● **Task statement**
Show all lines below holding the string "exposed".

START Source data

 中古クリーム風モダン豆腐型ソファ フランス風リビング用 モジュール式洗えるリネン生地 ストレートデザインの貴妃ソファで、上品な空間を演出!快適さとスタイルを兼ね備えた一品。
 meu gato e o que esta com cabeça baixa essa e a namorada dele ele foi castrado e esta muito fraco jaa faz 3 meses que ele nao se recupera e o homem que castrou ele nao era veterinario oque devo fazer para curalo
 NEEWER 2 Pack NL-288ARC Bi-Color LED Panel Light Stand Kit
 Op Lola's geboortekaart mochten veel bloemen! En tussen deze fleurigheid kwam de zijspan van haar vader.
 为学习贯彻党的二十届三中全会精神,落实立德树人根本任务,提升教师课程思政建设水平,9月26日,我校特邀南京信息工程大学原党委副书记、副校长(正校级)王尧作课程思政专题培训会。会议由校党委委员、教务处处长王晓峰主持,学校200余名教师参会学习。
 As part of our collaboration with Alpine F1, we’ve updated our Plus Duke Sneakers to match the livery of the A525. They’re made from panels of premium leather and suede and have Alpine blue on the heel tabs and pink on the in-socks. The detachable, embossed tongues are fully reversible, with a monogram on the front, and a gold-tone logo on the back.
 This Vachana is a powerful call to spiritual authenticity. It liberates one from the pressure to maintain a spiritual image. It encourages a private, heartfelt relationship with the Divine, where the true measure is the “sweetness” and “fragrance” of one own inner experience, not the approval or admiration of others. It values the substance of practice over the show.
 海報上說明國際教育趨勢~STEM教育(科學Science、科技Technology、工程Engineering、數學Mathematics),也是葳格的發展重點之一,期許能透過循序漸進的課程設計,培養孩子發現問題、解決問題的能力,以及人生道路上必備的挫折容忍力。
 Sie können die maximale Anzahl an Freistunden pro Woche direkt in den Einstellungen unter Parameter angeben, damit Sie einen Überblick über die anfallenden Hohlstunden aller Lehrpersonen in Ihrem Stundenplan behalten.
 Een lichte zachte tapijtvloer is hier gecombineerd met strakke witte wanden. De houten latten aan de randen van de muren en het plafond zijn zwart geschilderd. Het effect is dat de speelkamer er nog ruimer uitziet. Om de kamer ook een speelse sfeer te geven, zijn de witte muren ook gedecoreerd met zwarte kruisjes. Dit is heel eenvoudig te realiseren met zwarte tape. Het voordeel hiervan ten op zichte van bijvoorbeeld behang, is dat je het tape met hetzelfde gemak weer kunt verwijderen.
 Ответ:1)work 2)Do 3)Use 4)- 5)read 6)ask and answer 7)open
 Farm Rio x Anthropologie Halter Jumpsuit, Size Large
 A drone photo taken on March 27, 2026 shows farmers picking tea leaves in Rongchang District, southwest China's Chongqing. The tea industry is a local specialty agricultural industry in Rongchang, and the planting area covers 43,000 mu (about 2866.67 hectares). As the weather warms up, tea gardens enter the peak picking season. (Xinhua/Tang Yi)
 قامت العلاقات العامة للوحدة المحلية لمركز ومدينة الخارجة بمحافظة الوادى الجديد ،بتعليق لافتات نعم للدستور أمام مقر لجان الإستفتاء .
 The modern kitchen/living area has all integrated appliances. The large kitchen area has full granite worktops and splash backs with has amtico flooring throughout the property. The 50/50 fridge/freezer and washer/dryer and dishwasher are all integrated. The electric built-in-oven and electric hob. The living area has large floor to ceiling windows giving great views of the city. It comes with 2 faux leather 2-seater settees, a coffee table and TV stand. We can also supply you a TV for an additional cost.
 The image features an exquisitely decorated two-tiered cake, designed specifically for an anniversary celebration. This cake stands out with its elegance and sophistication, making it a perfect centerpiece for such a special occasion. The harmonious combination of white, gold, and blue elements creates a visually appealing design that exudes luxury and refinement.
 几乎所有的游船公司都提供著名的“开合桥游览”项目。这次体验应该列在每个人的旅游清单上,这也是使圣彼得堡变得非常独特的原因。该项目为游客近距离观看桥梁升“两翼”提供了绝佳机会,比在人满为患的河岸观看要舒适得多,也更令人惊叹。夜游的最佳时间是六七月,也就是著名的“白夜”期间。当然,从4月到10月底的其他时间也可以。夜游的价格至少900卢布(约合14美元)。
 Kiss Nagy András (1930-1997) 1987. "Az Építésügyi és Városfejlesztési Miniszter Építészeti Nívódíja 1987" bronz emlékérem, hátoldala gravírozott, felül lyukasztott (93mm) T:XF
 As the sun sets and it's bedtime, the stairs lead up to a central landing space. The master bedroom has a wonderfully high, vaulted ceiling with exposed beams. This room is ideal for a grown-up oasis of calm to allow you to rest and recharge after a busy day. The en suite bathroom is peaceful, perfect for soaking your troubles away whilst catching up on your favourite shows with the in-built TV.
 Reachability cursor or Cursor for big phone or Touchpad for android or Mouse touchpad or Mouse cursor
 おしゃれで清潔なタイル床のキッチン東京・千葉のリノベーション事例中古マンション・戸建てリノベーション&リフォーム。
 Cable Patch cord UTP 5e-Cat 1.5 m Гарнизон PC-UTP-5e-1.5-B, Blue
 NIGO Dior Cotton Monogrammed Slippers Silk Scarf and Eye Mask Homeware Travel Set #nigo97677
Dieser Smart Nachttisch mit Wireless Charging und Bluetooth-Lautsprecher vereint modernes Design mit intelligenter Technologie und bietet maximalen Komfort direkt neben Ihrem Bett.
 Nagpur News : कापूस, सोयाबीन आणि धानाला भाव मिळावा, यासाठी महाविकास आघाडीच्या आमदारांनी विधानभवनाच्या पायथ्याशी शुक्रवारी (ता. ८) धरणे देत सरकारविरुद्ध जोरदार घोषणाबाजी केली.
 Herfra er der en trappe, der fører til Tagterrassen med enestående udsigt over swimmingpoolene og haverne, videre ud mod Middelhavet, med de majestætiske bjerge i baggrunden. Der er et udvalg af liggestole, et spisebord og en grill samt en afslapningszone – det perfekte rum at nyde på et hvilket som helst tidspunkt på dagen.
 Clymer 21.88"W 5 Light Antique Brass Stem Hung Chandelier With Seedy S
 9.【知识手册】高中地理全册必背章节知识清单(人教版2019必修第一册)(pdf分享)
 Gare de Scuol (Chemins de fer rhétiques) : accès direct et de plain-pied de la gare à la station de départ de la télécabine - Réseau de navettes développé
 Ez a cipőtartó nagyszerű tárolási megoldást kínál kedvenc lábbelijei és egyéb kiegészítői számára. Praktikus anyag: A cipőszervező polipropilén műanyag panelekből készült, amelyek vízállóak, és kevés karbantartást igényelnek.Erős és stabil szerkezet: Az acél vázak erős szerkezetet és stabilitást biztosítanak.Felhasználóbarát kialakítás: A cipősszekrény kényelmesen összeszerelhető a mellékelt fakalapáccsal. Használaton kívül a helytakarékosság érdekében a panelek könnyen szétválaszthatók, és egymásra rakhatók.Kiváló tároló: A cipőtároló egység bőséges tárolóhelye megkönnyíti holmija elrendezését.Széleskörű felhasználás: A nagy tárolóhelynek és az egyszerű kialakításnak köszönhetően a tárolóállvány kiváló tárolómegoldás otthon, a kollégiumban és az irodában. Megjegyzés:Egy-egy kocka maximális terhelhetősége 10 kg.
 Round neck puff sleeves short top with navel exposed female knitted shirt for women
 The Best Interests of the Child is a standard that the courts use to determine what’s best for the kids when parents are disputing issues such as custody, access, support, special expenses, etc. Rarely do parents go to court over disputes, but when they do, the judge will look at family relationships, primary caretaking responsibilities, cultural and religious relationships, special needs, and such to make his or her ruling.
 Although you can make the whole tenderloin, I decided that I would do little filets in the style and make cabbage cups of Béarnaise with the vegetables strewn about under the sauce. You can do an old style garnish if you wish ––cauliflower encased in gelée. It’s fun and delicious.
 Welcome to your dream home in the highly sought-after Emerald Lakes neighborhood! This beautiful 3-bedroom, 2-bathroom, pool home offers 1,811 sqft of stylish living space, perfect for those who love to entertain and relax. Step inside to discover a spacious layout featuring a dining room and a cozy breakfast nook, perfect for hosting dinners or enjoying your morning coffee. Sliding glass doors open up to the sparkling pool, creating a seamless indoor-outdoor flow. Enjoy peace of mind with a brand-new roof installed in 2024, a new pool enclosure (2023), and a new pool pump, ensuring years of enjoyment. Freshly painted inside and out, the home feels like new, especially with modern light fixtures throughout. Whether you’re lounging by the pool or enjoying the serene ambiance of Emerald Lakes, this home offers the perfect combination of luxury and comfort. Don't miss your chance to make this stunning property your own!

END Source data

● **Result of this task**
 As the sun sets and it's bedtime, the stairs lead up to a central landing space. The master bedroom has a wonderfully high, vaulted ceiling with exposed beams. This room is ideal for a grown-up oasis of calm to allow you to rest and recharge after a busy day. The en suite bathroom is peaceful, perfect for soaking your troubles away whilst catching up on your favourite shows with the in-built TV.
 Round neck puff sleeves short top with navel exposed female knitted shirt for women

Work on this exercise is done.